Timeline – Index performance over time
Phases – Per-phase timing breakdown
Health – Structural health snapshots
Compare – Side-by-side project comparison
Quality – Code quality metrics (complexity histograms, coupling, doc coverage)
AI Memory – Unified browser for all AI-generated data

Key UI Features

Node/edge type filtering with checkbox controls
Depth-based graph exploration (1-hop, 2-hop, full)
Color by entity type or Louvain community cluster
Cypher console with direct KuzuDB query execution
Entity detail panel with source code, complexity badges, AI summaries
Q&A history panel (collapsible, with Cypher integration)
AI data filter (show only nodes with AI-generated data)
Custom dark-themed scrollbars

Incremental Indexing

Two detection strategies:

git diff (primary) – Compares against the last indexed commit to find changed files
SHA-256 hash (fallback) – Computes file hashes and compares against stored values (for non-git directories)
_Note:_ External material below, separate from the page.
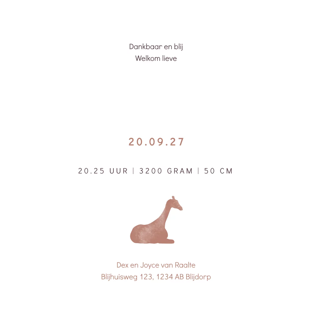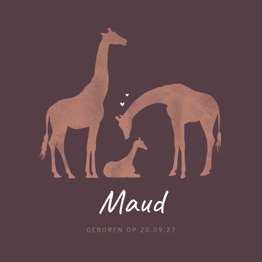 Een stoer en lief geboortekaartje voor jouw dochter. Het kaartje heeft een paarse achtergrond met daarop drie silhouetjes van giraffen. De naam wordt gedrukt in goudfolie.

Performance characteristics:

Full index: ~30-60s for a medium project (depends on file count and language mix)
Incremental: ~2-4s for small changes (graph + BM25 rebuilt, semantic truly incremental)
The indexer records per-phase timing for performance tracking

Concurrency and Locking

Serving mode: KuzuDB opens in read_only=True mode, allowing unlimited concurrent readers
Indexing: Requires exclusive write access – the serving process must be stopped first
Batch re-indexing: A CLI script handles sequential re-indexing of multiple projects
Input sanitization: All Cypher queries pass through validation that blocks write operations (DELETE, CREATE, SET, DROP, MERGE, ALTER)

Configuration

All tunable parameters live in config/config.yaml:

parser:
  languages: [python, javascript, typescript, tsx, java, go, html, css]
  ignore_patterns: [node_modules, __pycache__, .git, ...]

storage:
  mode: per-project    # or "shared"
  data_dir: data/

search:
  bm25_weight: 0.35
  semantic_weight: 0.40
  graph_weight: 0.25

memory:
  enabled: true

Domain schemas are in config/domains/<domain>.yaml.